At one point yesterday evening demonstrators in the Sandy Row area of Belfast targeted press photographers and television cameramen, pelting them with bottles and bricks. There was a 40 minute stand-off with demonstrators refusing to move until a marcher who had been arrested earlier was released. A police helicopters circled overhead as Orange leaders and police held talks against a backdrop of abuse from a crowd held back by police barriers. The marchers eventually moved on through the city centre.

Police said there were reports of shots being fired in north Belfast but there were no reports of casualties. Violence erupted in Lisburn, Co Antrim, when police were petrol bombed by rioters and fought back with plastic bullets. In Ligoniel a shirt factory was set on fire.

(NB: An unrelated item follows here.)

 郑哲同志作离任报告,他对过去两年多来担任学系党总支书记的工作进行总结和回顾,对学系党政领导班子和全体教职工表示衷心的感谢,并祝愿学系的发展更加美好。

In Drumcree near Portadown, following three days of tension since the RUC stopped loyalists from marching through a Catholic area, demonstrators tried to burst through security barriers. At one point a handful of protesters got past RUC barricades around fields beside the church at the scene of the standoff. The intruders were quickly caught by police but dozens more RUC vehicles sped to the scene and officers with riot shields began lining the fields nearby.

At one stage police fired plastic baton rounds to force back the crowd and soldiers were called in to back up the RUC.

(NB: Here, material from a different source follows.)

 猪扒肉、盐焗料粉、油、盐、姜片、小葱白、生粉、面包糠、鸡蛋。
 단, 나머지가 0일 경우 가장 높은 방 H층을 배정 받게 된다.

The number of Orangemen multiplied dramatically as reinforcements began arriving from neighbouring counties. Orange Order leaders appealed for calm and after about 30 minutes the area became calmer but remained tense.

In north Belfast up to 500 nationalists staged a protest march to the mainly Protestant Old Park area where Catholics were forced to flee their homes on Monday night because of loyalist intimidation.

A march organised by Sinn Fein from the Ardoyne area was shadowed by a heavy force of soldiers in riot gear. Having made their protest the march broke up and returned home without incident.

Outside Belfast there was trouble in Ballymena and Cullybackey, Co Antrim, where police were stoned.

In Londonderry the two bridges linking the divided sides of the city across the River Foyle were sealed off by loyalists.

As tension remained high across the province last night, many roads in Belfast were closed and the university town of Coleraine, Co Londonderry, was closed off.

The RUC reported roads blocked around towns and villages across Co Armagh and also in Counties Down, Antrim, Londonderry and Tyrone.

The police are bracing themselves for further conflict today. In Drumcree, Orange Order leaders hope that thousands more supporters will arrive to back the move to march down the mainly Catholic Garvaghy Road.